Healthcare-associated infections (HAIs) are commonly associated with an increased risk of developing antimicrobial resistance (AMR). Globally, many patients are affected by a healthcare-related disease, which has greatly increased the overall operating cost of the healthcare system. Although it is extremely important to identify pathogens with high rates of transmission in hospitals, the capacity of diagnostic laboratories to track them is lacking.
In Australia, more than 165,000 patients suffer from a healthcare peripheral infection each year. A 30-day Australian survey revealed methicillin-resistant mortality rates Staphylococcus aureus (MRSA) and vancomycin resistance Enterococcus The hospitalized infections (VRE) were 14.9% and 20%, respectively. The same survey also reported a mortality rate of 18.6% due to extended-spectrum beta-lactamase production. Escherichia coli (ESBL-E) Nosocomial bloodstream infections.
Genomic analysis has proven to be an effective tool for characterizing pathogen transmission routes. This tool can enhance infection prevention and control measures during outbreaks of pathogenic diseases. However, it is rarely used as a real-time monitoring and prevention tool.
Traditional methods used in genetic analysis are usually time consuming and analytical tools are not readily available outside specialized laboratories. Recently, whole genome sequencing (WGS) methods have been developed to analyze the transmission dynamics of bacterial pathogens, which has helped to assess the potential for outbreaks. This method can be used as a frontline tool for managing pathogens that can threaten human life.
at recent days Clinical infectious diseases In the study, scientists developed a clinical workflow for WGS that can detect transmission events of a pathogen before it becomes dominant. Therefore, this method can effectively prevent and control infections and help develop strategies to respond to outbreaks appropriately.

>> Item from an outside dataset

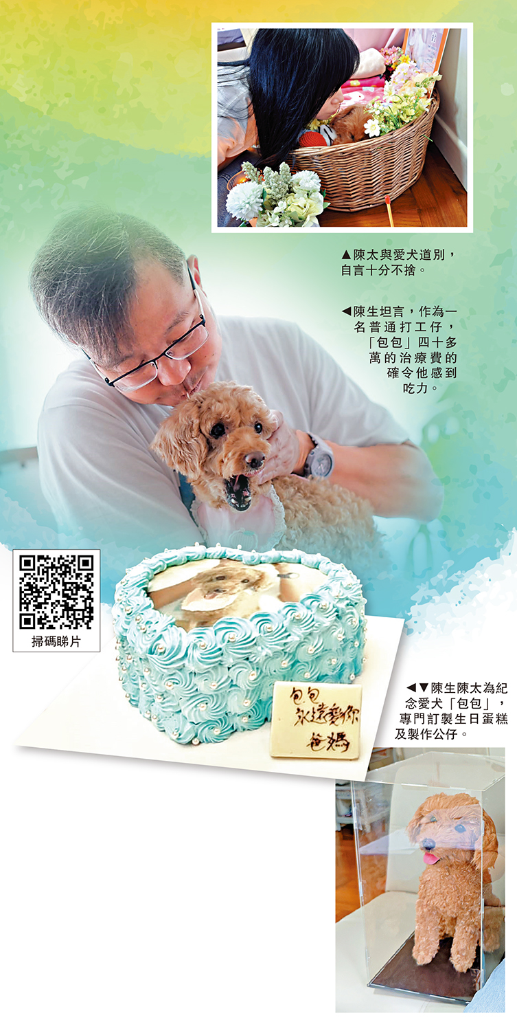 2024年9月,陳先生帶「包包」轉往其他診所求診,他指僅電療及相關治療便耗資22萬元,惟治療約一個月後,「包包」仍不敵癌病離世。一年間,為救治愛犬,他累計支出近40萬元。他指作為普通打工仔,這筆開銷讓他倍感吃力,但他含淚道:「牠(包包)就像我的女兒,哪怕醫生說22萬只能延長兩、三個星期的生命,我也願意盡全力。」陳先生感慨說,寵物癌症並非罕見,但動輒數十萬的治療費用,遠超出普通家庭承受能力。他期盼政府能更多關注有關情況,為有需要的寵物家庭提供幫助。

MRSA, VRE, ESBL-E, carbapenem-resistant Acinetobacter baumannii (CRAB) and carbapenemase-producing Enterobacterales (CPE) isolates were obtained from blood cultures, cerebrospinal fluid, sterile sites, and screening samples (eg, rectal swabs) across three large samples. Hospitals in Brisbane, Australia. A total of 2,660 bacterial isolates were obtained between 19 April 2017 and 1 July 2021 from the participating hospitals. Bacterial pathogens were isolated from 2336 patients, of which 259 patients were given multiple isolates.
In this study, samples were collected weekly, with an average of 8 samples per week. These samples were subjected to WGS analysis. WGS helped create in silico Multi-position sequence writing (MLST). In addition, resistance genotyping was performed using a customized genome analysis pipeline.
Presumptive outbreak events were identified by comparing primary genome single-nucleotide polymorphisms (SNPs). Appropriate clinical data were analyzed along with genomic analysis data through custom automation. These results have been combined with hospital-specific reports that are distributed regularly to infection control teams.
Among the total bacterial isolates sequenced during the study period, 293 Gram-negative MDR isolates, 620 MRSA and 433 VRE were found. The combination of genomic and epidemiological data helped identify 37 clusters that may have occurred due to community rather than hospital transmission events.
Primary genome SNP data revealed that 335 isolates formed 76 distinct groups. Interestingly, of the 76 groups, 43 were associated with participating hospitals. This result indicates that continuous bacterial transmission occurs within hospitals. The remaining 33 clusters were linked to either nosocomial transmission events or bacterial strains circulating within the community.
Timely availability of reports is critical to the development of an effective monitoring programme. Importantly, the current protocol can provide genome data within 10 days of sample collection. It should be noted that the median time to report of 33 days limits the clinical significance of the data.
Some of the factors associated with long reporting periods impede transportation of samples to the central laboratory, lack of on-site or dedicated WGS infrastructure, and development of a continuous analysis pipeline. However, structural reorganization and workflow improvements can reduce these delays.
In this study, the WGS-based method helped to identify two putative transmission groups Ab1050-A1 and Eh90-A2, which are associated with previous outbreaks. This result strongly indicates that WGS should be deployed as a potential surveillance tool to prevent outbreaks of pathogenic diseases.
A major limitation of this study is that the prospective surveillance program was primarily based on multidrug-resistant bacteria. Hence, the current study fails to consider other pathogenic organisms susceptible to antibiotics.
Although it is difficult to integrate WGS workflows and other appropriate computing infrastructure within existing systems into a healthcare setting, it is important to establish the same to prevent future outbreaks. A WGD-based organization can reduce the overall cost of the healthcare system.